• **What is needed**:
Look through the entries below for the line with "Tween Girl Plaid" and the line with "キャンプ用 登山 軽量", then give again exactly those two lines and all lines between them, minus the pictures.

╔══

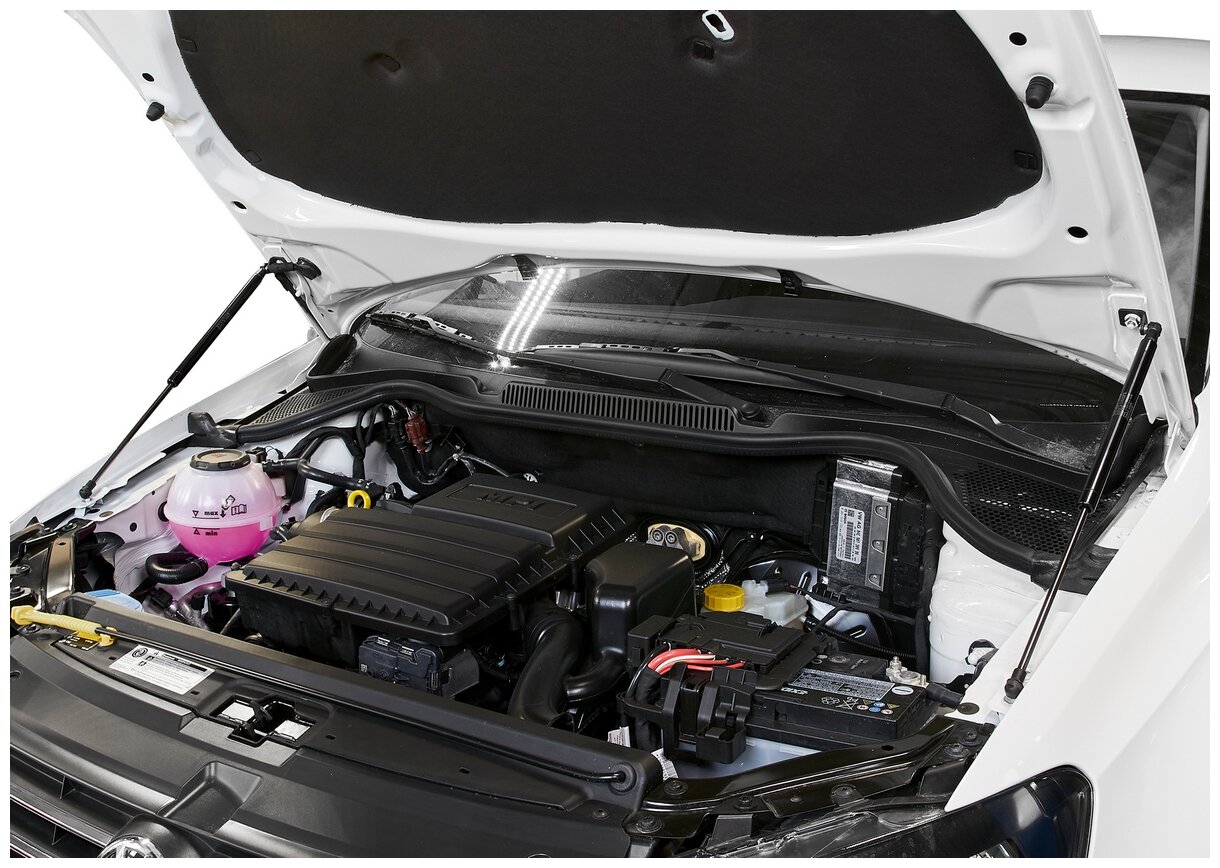 Газовые упоры капота позволяют легко открыть капот одним движением руки и автоматически зафиксировать его в верхнем положении.
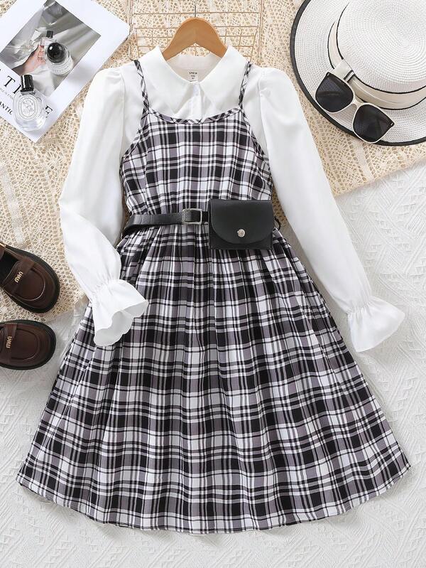 Tween Girl Plaid Print Cami Dress & Flounce Sleeve Blouse & Belt Bag
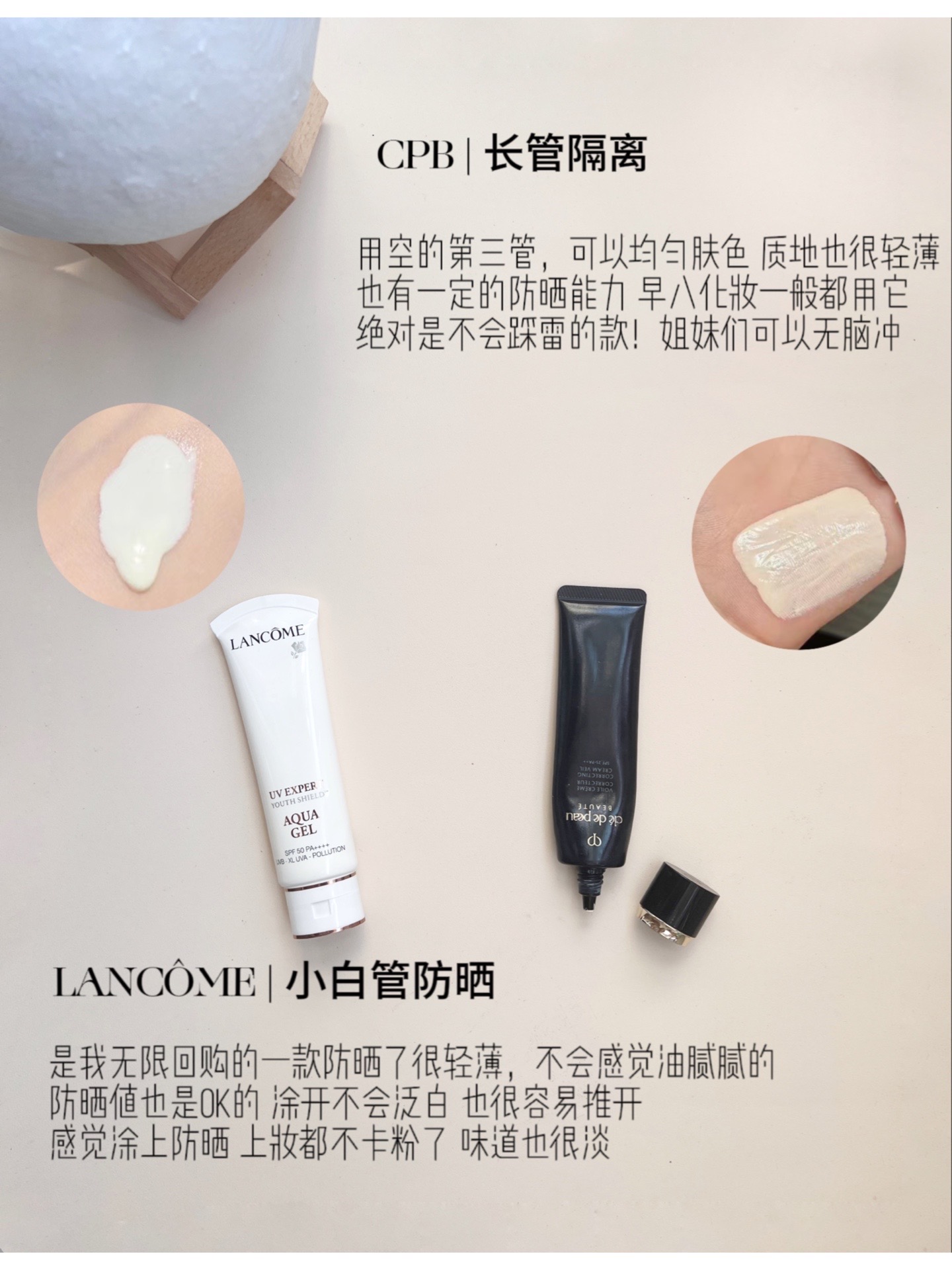 本篇笔记关联了Lancome/兰蔻 小白管轻透修颜水漾长效防晒霜 轻薄隔离贴妆清透 清爽版 SPF50/PA++++、LA MER/海蓝之谜 奇迹面霜 淡纹抗老紧致焕颜舒缓保湿滋润修护 经典面霜、Kryolan 三色遮瑕盘 滋润修饰提亮 40g 三色盘等商品,为用户提供真实的使用体验和购买参考。
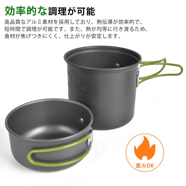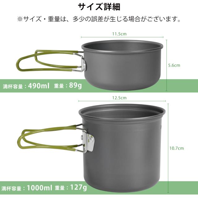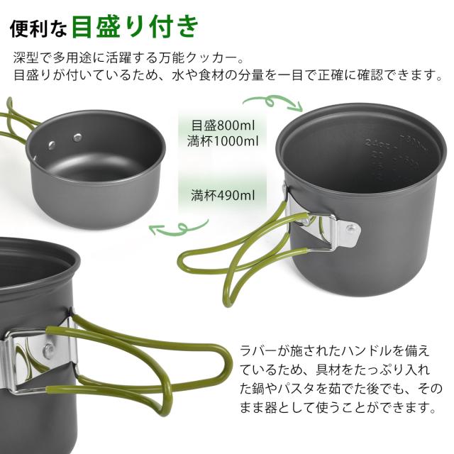 【送料無料】クッカーセット【2~3人分用】 収納袋付き アウトドア キャンプ用品 ファミリーテーブルウェア 食器セット 鍋セット クッカー セット キャンプ用 登山 軽量
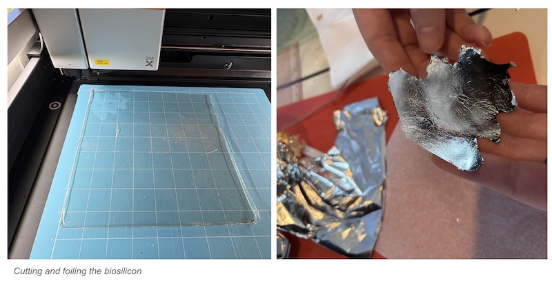 We then used the Xtool M1 to cut the biosilicon tattoo with the blad tool. Once cut, we applied the foil and used double sided tape to secure it over the NeoPixels:
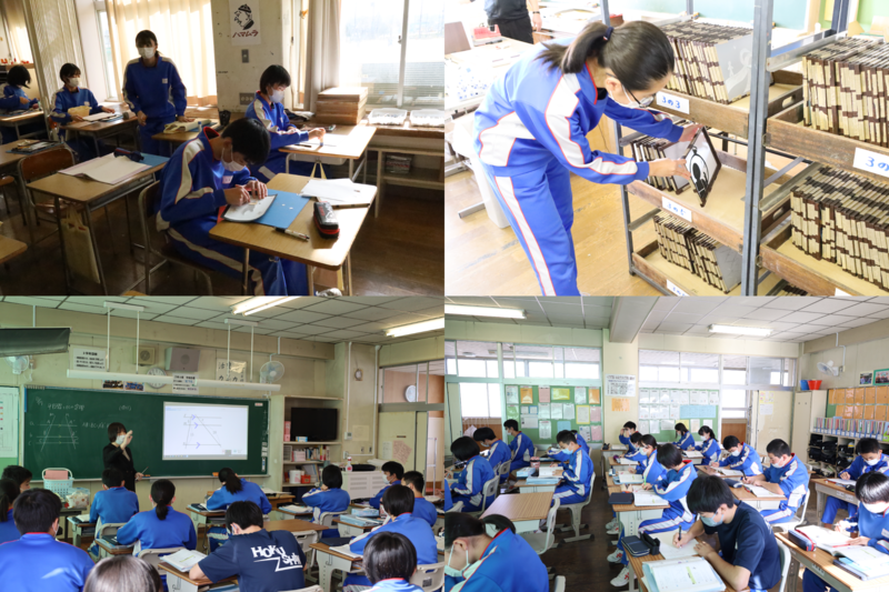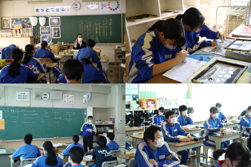 5組は技術の授業で、自分の作品の設計図を等角図法でかいていました。どんな作品ができるのでようね。とても細かく製図していた生徒もいました。

╚══

• **Exercise output**:
 Tween Girl Plaid Print Cami Dress & Flounce Sleeve Blouse & Belt Bag
 本篇笔记关联了Lancome/兰蔻 小白管轻透修颜水漾长效防晒霜 轻薄隔离贴妆清透 清爽版 SPF50/PA++++、LA MER/海蓝之谜 奇迹面霜 淡纹抗老紧致焕颜舒缓保湿滋润修护 经典面霜、Kryolan 三色遮瑕盘 滋润修饰提亮 40g 三色盘等商品,为用户提供真实的使用体验和购买参考。
 【送料無料】クッカーセット【2~3人分用】 収納袋付き アウトドア キャンプ用品 ファミリーテーブルウェア 食器セット 鍋セット クッカー セット キャンプ用 登山 軽量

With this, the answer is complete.